**What you need to do:** Keep the pictures out. Write out every line of the listing exactly.

**Given data:**
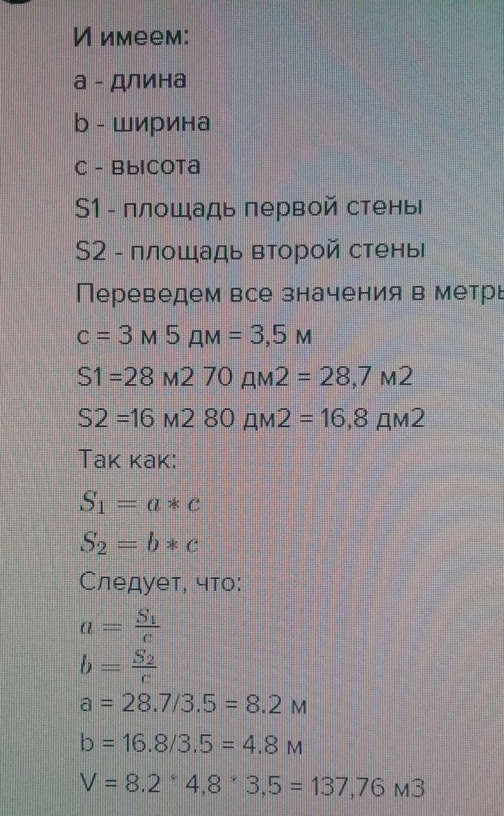 Вычисли объем всей комнаты если высота 3 метра 5 дециметров площадь одной стены 28м в квадрате 70 дм в квадрате площадь другой стены 16 м в квадрате 80дм в квадрате
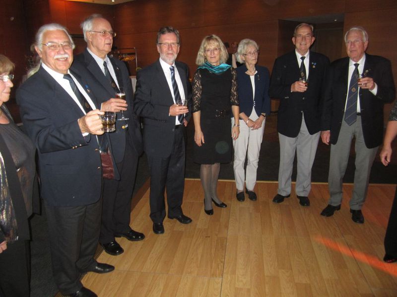 Um Mitternacht wurden wir alle vom Commodore gebeten, auf die Tanzfläche zu kommen. Was jetzt wohl kommt, haben da viele gedacht. Ich auch. Wir wurden an unseren ersten Commodore Karl Heinz Bielenberg erinnert, und wie er immer sein Glas fest hielt, wenn er wieder ein Glas Whisky in der Hand hatte. Wer wusste das noch so genau – wie sah das aus: der „Commodore Griff“ - Daumen und kleiner Finger, und dazwischen das halb volle Glas. So haben wir dann unseren Schluck zu uns genommen. Nur die Männer, die Damen bekamen Sherry. Und es kam noch eine, und dann noch eine, alte Geschichte hoch…….Habt Ihr gewusst, dass Karl Heinz zwei Rettungsinseln an Bord hatte ???.... Was soll´s, darüber sprechen wir beim nächsten Herbstfest des TYvD. Und dann können wir uns über noch mehr alte Geschichten freuen.
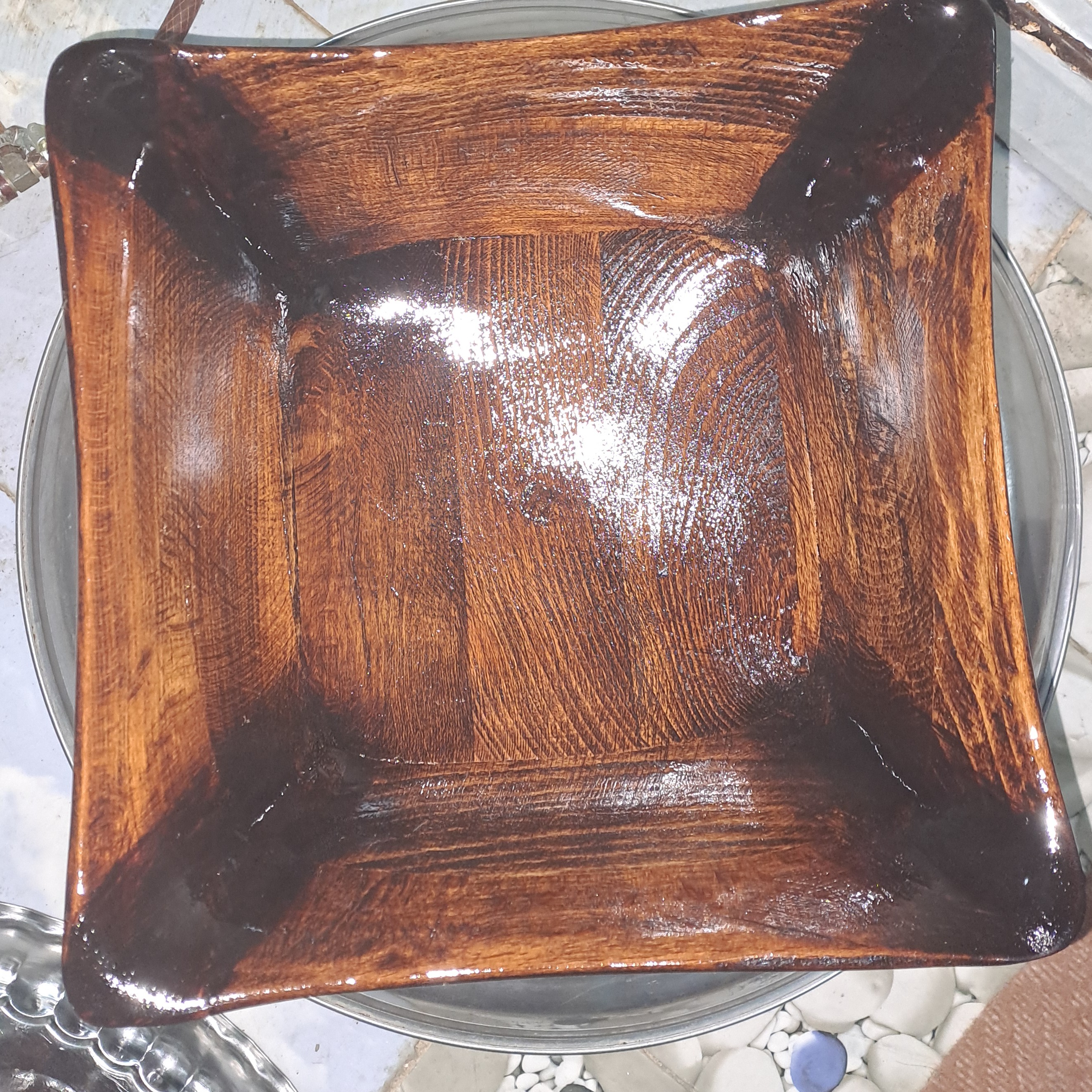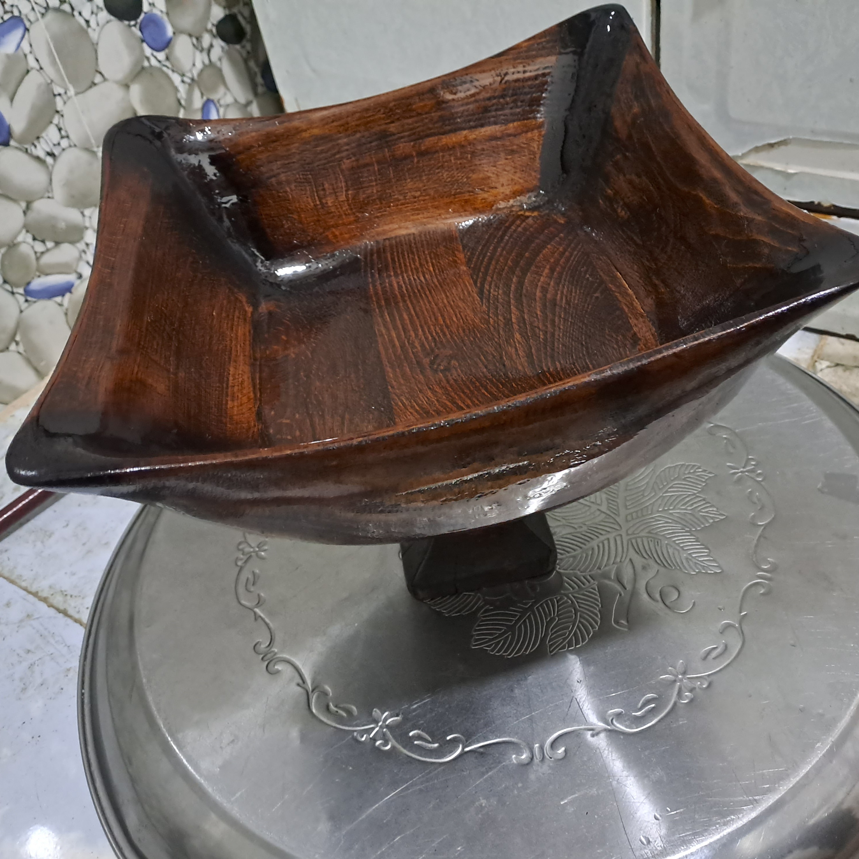 جا میوه ای به همراه ۶ عدد اجیل خوری که از چوب گردو ساخته شده بدون دخالت ماشین الات صنعتی ، یعنی کاردست میباشد

**Solution to this exercise:**
 Вычисли объем всей комнаты если высота 3 метра 5 дециметров площадь одной стены 28м в квадрате 70 дм в квадрате площадь другой стены 16 м в квадрате 80дм в квадрате
 Um Mitternacht wurden wir alle vom Commodore gebeten, auf die Tanzfläche zu kommen. Was jetzt wohl kommt, haben da viele gedacht. Ich auch. Wir wurden an unseren ersten Commodore Karl Heinz Bielenberg erinnert, und wie er immer sein Glas fest hielt, wenn er wieder ein Glas Whisky in der Hand hatte. Wer wusste das noch so genau – wie sah das aus: der „Commodore Griff“ - Daumen und kleiner Finger, und dazwischen das halb volle Glas. So haben wir dann unseren Schluck zu uns genommen. Nur die Männer, die Damen bekamen Sherry. Und es kam noch eine, und dann noch eine, alte Geschichte hoch…….Habt Ihr gewusst, dass Karl Heinz zwei Rettungsinseln an Bord hatte ???.... Was soll´s, darüber sprechen wir beim nächsten Herbstfest des TYvD. Und dann können wir uns über noch mehr alte Geschichten freuen.
 جا میوه ای به همراه ۶ عدد اجیل خوری که از چوب گردو ساخته شده بدون دخالت ماشین الات صنعتی ، یعنی کاردست میباشد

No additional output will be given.